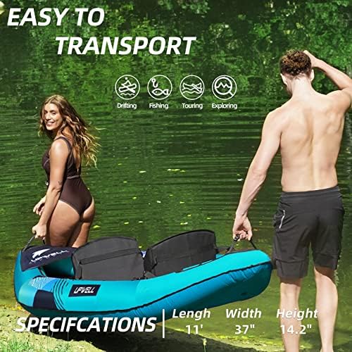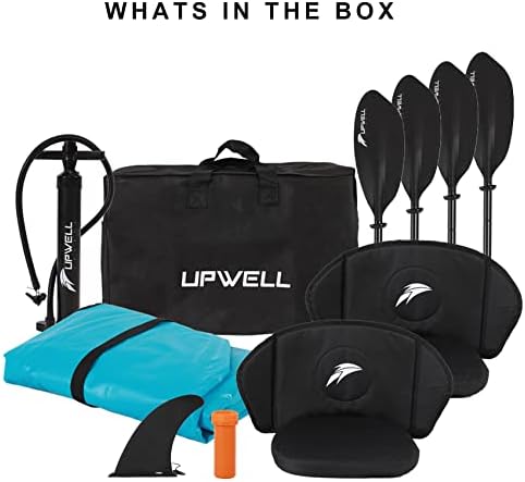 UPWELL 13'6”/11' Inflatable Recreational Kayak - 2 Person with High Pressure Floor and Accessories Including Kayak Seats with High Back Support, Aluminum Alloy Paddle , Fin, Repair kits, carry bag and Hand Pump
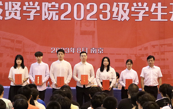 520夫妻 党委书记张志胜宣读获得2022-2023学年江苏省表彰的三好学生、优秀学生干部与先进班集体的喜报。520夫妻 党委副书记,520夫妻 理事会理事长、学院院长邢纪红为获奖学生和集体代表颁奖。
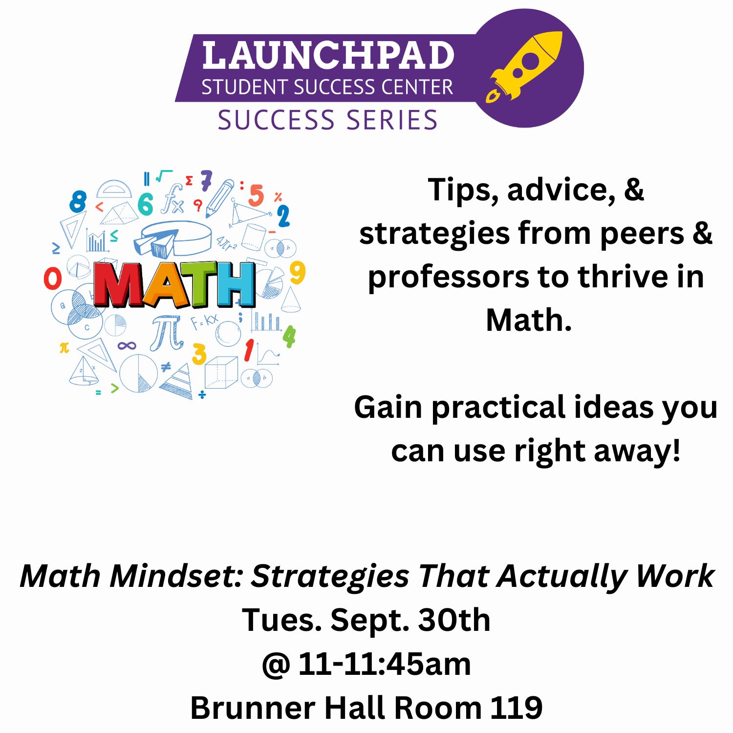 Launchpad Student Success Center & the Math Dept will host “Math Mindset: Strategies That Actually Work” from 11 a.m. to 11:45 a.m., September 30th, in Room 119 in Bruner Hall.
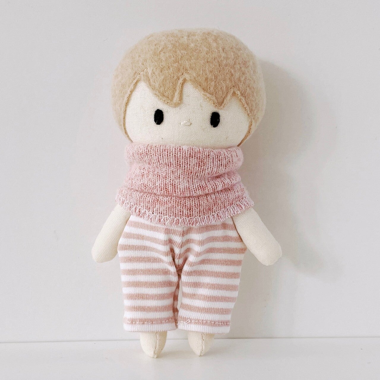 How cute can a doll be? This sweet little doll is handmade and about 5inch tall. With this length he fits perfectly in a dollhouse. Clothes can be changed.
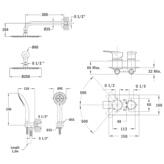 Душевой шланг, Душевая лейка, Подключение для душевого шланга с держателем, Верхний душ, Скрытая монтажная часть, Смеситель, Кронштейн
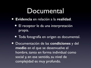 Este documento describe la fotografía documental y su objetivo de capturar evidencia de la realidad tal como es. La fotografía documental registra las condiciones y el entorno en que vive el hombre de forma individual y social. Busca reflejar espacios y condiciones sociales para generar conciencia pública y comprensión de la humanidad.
==
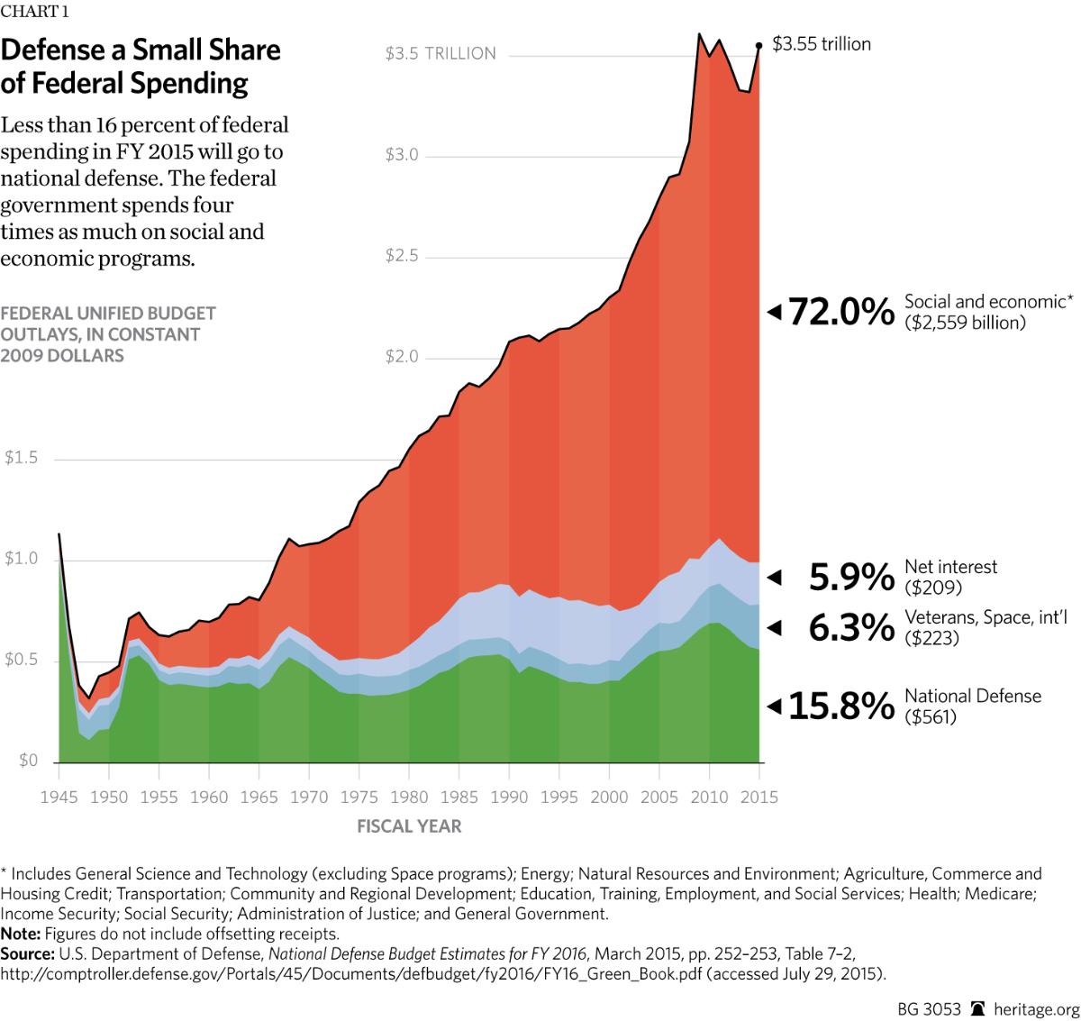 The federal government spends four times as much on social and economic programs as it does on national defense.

Exercise goal: Given the records above, return the lines starting at the one that holds "and Hand Pump" and ending at the one that holds "Душевой шланг, Душевая", exactly, and nothing besides; leave every picture out.

Answer for this exercise:
 UPWELL 13'6”/11' Inflatable Recreational Kayak - 2 Person with High Pressure Floor and Accessories Including Kayak Seats with High Back Support, Aluminum Alloy Paddle , Fin, Repair kits, carry bag and Hand Pump
 520夫妻 党委书记张志胜宣读获得2022-2023学年江苏省表彰的三好学生、优秀学生干部与先进班集体的喜报。520夫妻 党委副书记,520夫妻 理事会理事长、学院院长邢纪红为获奖学生和集体代表颁奖。
 Launchpad Student Success Center & the Math Dept will host “Math Mindset: Strategies That Actually Work” from 11 a.m. to 11:45 a.m., September 30th, in Room 119 in Bruner Hall.
 How cute can a doll be? This sweet little doll is handmade and about 5inch tall. With this length he fits perfectly in a dollhouse. Clothes can be changed.
 Душевой шланг, Душевая лейка, Подключение для душевого шланга с держателем, Верхний душ, Скрытая монтажная часть, Смеситель, Кронштейн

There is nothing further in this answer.